We now show that the variance of the data $l_1,...,l_n$ is minimal, in the sense that a small perturbation of any one of them increases the variance. For simplicity, let us shift the original data so that $m=0$. Then it follows from the definition of $x_{ij}$ that

$$l_i=\begin{cases}\quad x_i&\text{if}\quad x_i\leqslant 0,\\ \quad 0&\text{if}\quad x_i-q_i<0<x_i,\\ x_i-q_i&\text{if}\quad 0\leqslant x_i-q_i.\end{cases}$$ Suppose, for convenience, that the perturbed datum is the first one ($i=1$). The unperturbed variance may be written $$\frac1nl_1^2+\frac1n\sum_{i=2}^nl_i^2.$$ Suppose that $l_1$ becomes $l_1+n\varepsilon$, with $|\varepsilon|$ suitably small, so that the corresponding mean is perturbed to $-\varepsilon$, and the variance becomes $$\frac1n(l_1+n\varepsilon+\varepsilon)^2+\frac1n\sum_{i=2}^n(l_i+\varepsilon)^2.$$ The increase in variance is therefore $$\frac2n(n+1)\varepsilon l_1+\frac2n\varepsilon\sum_{i=2}^nl_1+\frac{n^2+2n+2}n\varepsilon^2$$ $$=2\varepsilon l_1+\frac2n\varepsilon\sum_{i=1}^nl_i+|O(\varepsilon^2)|$$ $$=2\varepsilon l_1+|O(\varepsilon^2)|.$$ Consider the three cases for $i=1$ in the formula for $l_i$ above. In the first case, the only allowed perturbation will be negative, namely with $\varepsilon$ negative, and $l_1$ cannot be positive either. So the first-order increase $2\varepsilon l_1$ in the variance cannot be negative. Similar reasoning shows that the variance increase is non-negative in the third case too. In the middle case, while there is a zero first-order increase in the variance, there is still a positive increase, from the second-order term.
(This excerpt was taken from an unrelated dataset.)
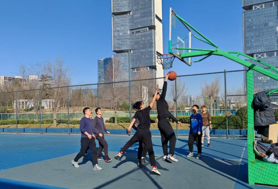刚刚结束比赛的徐勇满头大汗,却笑容灿烂:“我们几个是高中同学,也是当年学校篮球队的‘老搭档’,毕业后各奔东西,借着郑东新区市民体育公园春节期间免费开放,大家又重聚球场再战一场,重温青春。”

Added note: Although the above method converges, there are extreme types of data for which the convergence is very slow. In particular, consider the case when $n=100,\,$ $q_1=\cdots=q_n=1$, $x_1=0,$ and $x_2=\cdots=x_n=1$. Then all the $x_{ij}$ converge to $0$, but after $100$ steps all but one are still about $1/\mathrm e$ from the limit. There is thus plenty of room for tweaking this algorithm to speed it up when the data are like this.